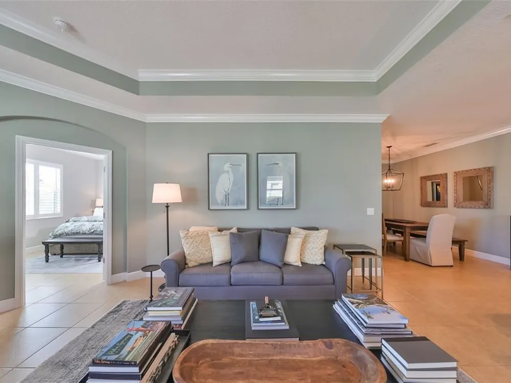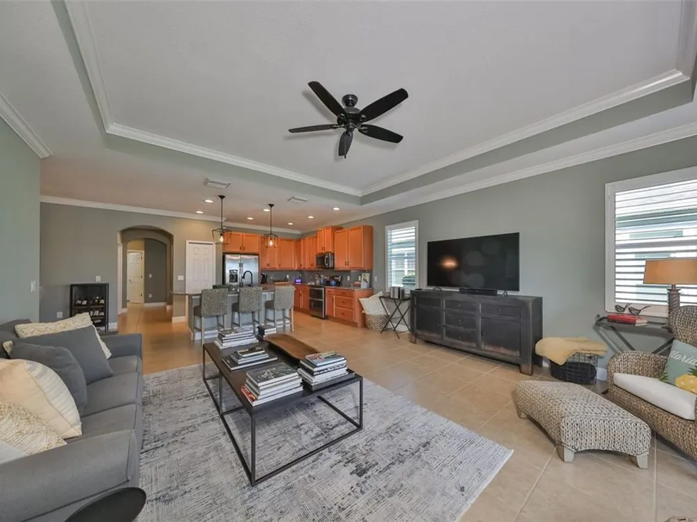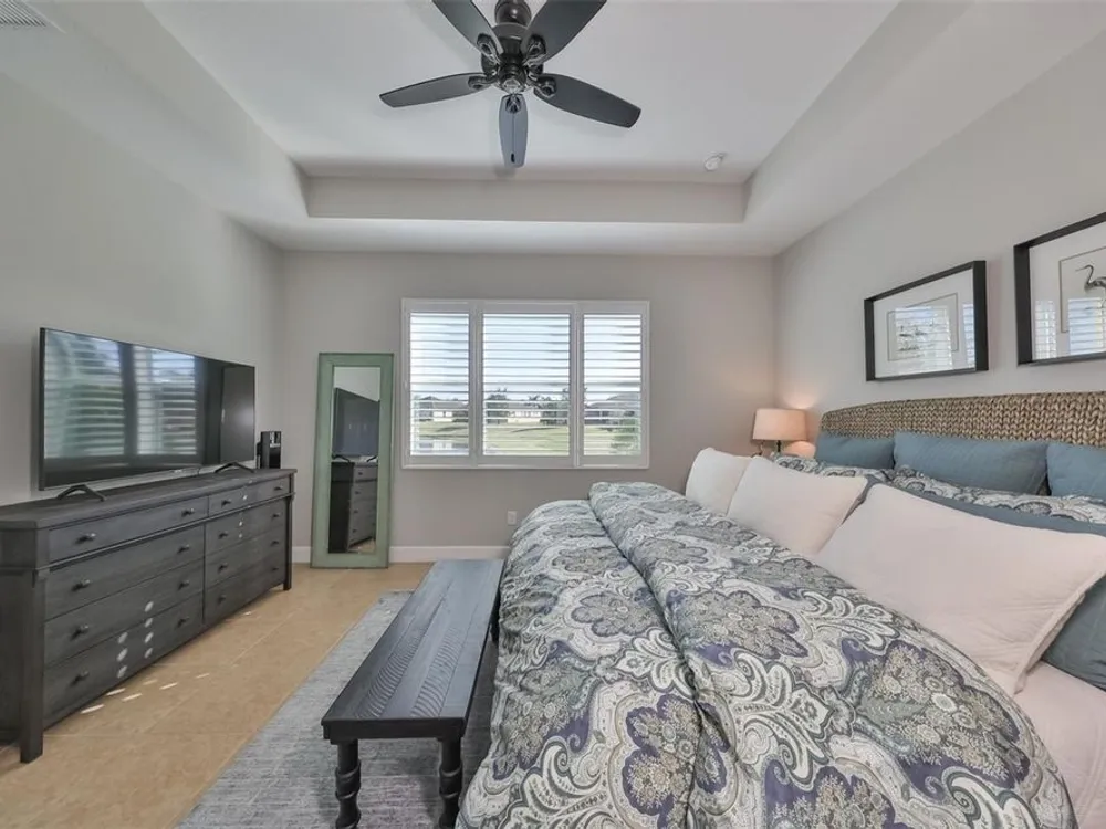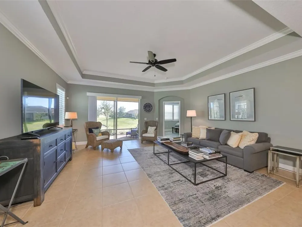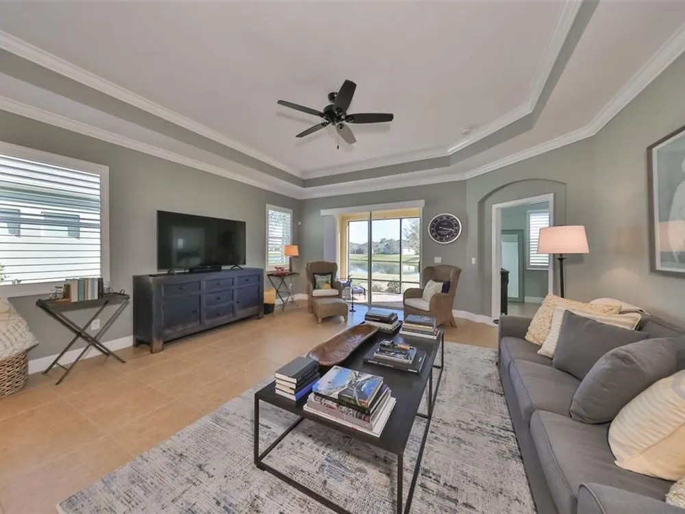 - Ceiling Fan(s), Crown Molding, High Ceilings, Living/Dining Room, Split Bedrooms, Thermostat, Tray Ceiling(s), Window Treatments
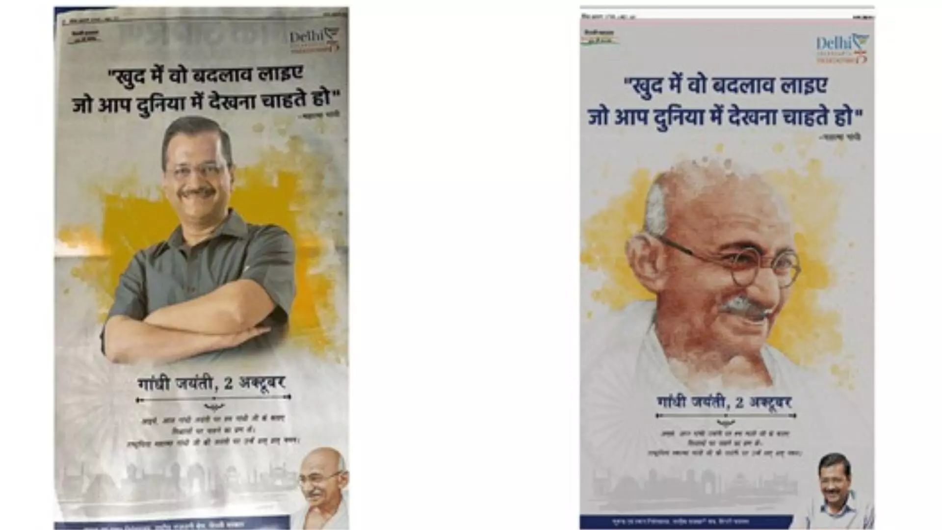 महात्मा गांधी यांच्या जयंती निमित्त Dainik Jagran/New Delhi Edition मध्ये दिल्ली सरकारने एक जाहिरात दिली होती. या जाहिरातीमधील एक कथित फोटो सध्या सोशल मीडियावर चांगलाच व्हायरल होत आहे. दरम्यान, या व्हायरल जाहिरातीमधील महात्मा गांधींचा फोटो लहान दाखवण्यात आला आहे तर दिल्लीचे मुख्यमंत्री अरविंद केजरीवाल यांचा फोटो मोठा असल्याचं अनेकांनी सोशल मीडियावर शेअर केलं आहे.
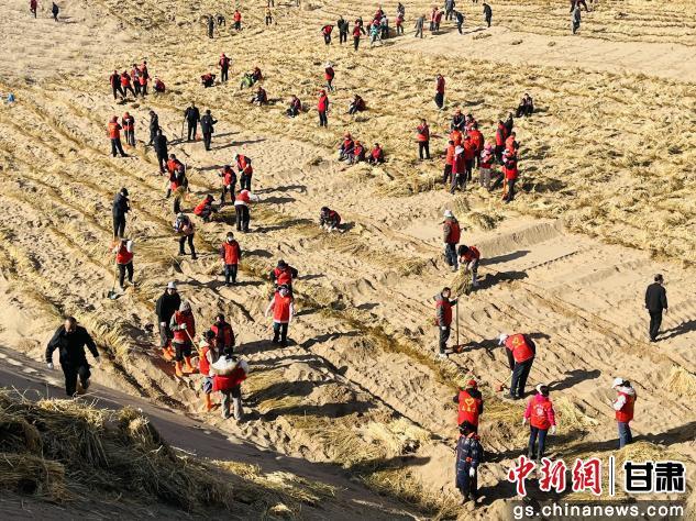 随着一支支“志愿红”在连绵起伏的沙丘中挺进,“田”字形沙障绘织的巨大草方格“金网”,紧紧缚住了大漠“黄龙”。此次义务压沙,既是一次生态文明建设的生动实践,也是一次锤炼作风、凝聚合力的志愿行动。
● ● ● ● ● ● ●
- Aim of the task -
Could you write out the whole listing exactly, dropping the pictures?

- Task result -
 - Ceiling Fan(s), Crown Molding, High Ceilings, Living/Dining Room, Split Bedrooms, Thermostat, Tray Ceiling(s), Window Treatments
 महात्मा गांधी यांच्या जयंती निमित्त Dainik Jagran/New Delhi Edition मध्ये दिल्ली सरकारने एक जाहिरात दिली होती. या जाहिरातीमधील एक कथित फोटो सध्या सोशल मीडियावर चांगलाच व्हायरल होत आहे. दरम्यान, या व्हायरल जाहिरातीमधील महात्मा गांधींचा फोटो लहान दाखवण्यात आला आहे तर दिल्लीचे मुख्यमंत्री अरविंद केजरीवाल यांचा फोटो मोठा असल्याचं अनेकांनी सोशल मीडियावर शेअर केलं आहे.
 随着一支支“志愿红”在连绵起伏的沙丘中挺进,“田”字形沙障绘织的巨大草方格“金网”,紧紧缚住了大漠“黄龙”。此次义务压沙,既是一次生态文明建设的生动实践,也是一次锤炼作风、凝聚合力的志愿行动。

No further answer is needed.